Allora l'insegnante si è alzata, ha chiamato in classe il preside e gli ha
detto: "Ha visto? Glielo avevo detto che dà delle risposte casuali!".
-
La difficoltà di valutazione non è stata superata, infatti gli
insegnanti dicono che non si può valutare. Ma, del resto, se non hanno fatto
niente, che cosa valutano?
-
I compagni stanno volentieri con lui e lui con loro.
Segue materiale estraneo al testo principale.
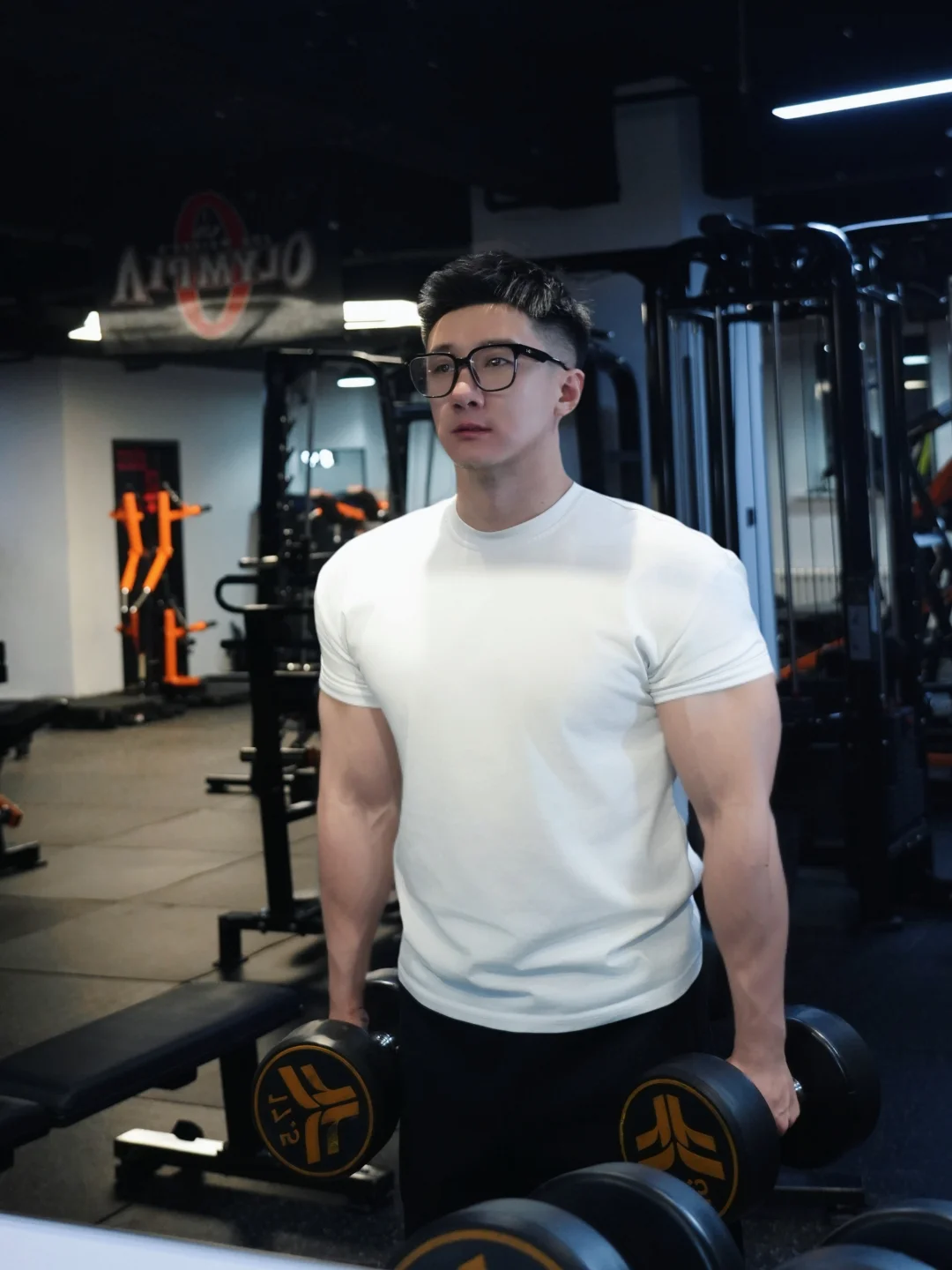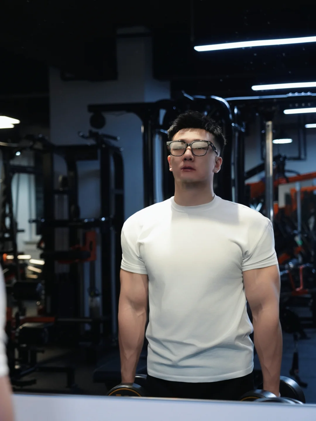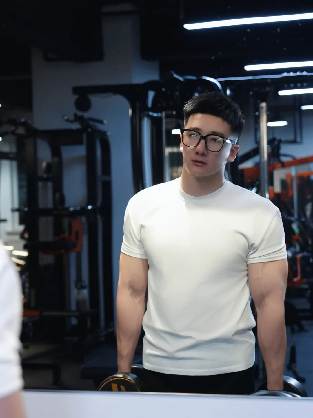 规律健身这么多年,最骄傲的就是能把白T撑满的手臂线条。以前穿T恤软塌塌没型,现在白T一穿,安全感直接焊在身上!

Alcuni compagni
hanno voluto venire a trovarlo a casa per vedere come lavora e per stare con
lui.
34.
Che ruolo è stato riconosciuto all'intervento della famiglia?
R.
Nella scuola non si pongono neppure il problema, per
loro siamo due realtà a sé stanti.
Quando quest'anno c'è stata la gita, hanno chiesto a
me di accompagnarlo per non farlo camminare e io l'ho accompagnato sino al luogo
indicato con la macchina, prendendo alcune ore di permesso dal lavoro. Solo
all'arrivo sul posto ho scoperto che altre insegnanti avevano portato sin lì la
macchina e che nessuno ha voluto portarlo, tranne un professore che si era
offerto di farlo ma che era stato dissuaso dagli altri perché "non doveva
prendersi la responsabilità".
Il
preside dello scorso anno, invece, ha voluto seguire il pullman con la sua
macchina proprio per rendersi disponibile nel caso in cui ci fosse stata
qualunque difficoltà per il ragazzo e quando Silvio avrebbe dovuto camminare a
piedi per lunghi tratti lo ha accompagnato con la sua macchina.
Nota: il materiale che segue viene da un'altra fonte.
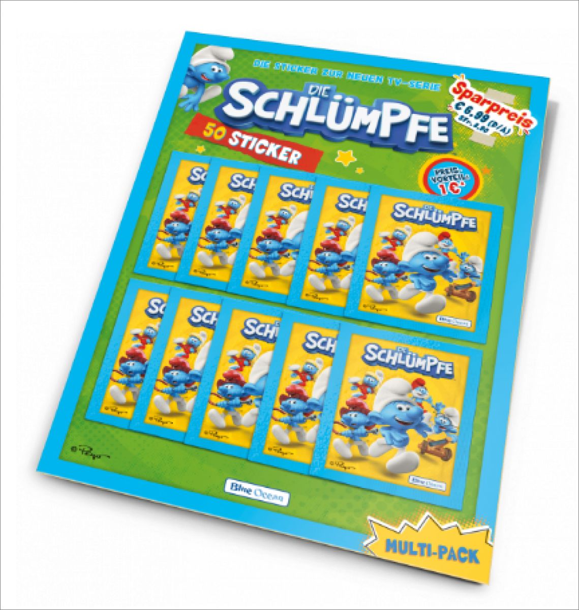 Il existe un blister et un multipack avec 10 pochettes à un prix spécial schtroumpf.

"Strana" era stata invece la decisione
presa due anni fa in V elementare di non fare la gita per "motivi
tecnici", dopo però che noi ci rifiutammo di esibire un certificato medico
che attestasse l'idoneità di Silvio a fare una gita scolastica, perché la
scuola non voleva assumersi la responsabilità. Ma quale responsabilità?
Esiste il problema grave che già a partire dalle figure istituzionali responsabili dell'integrazione e del funzionamento stesso della scuola, non esiste alcuna sensibilità di fronte a questi fatti (vedi Provveditori, Ispettori, per limitarci solo all'ambito territoriale).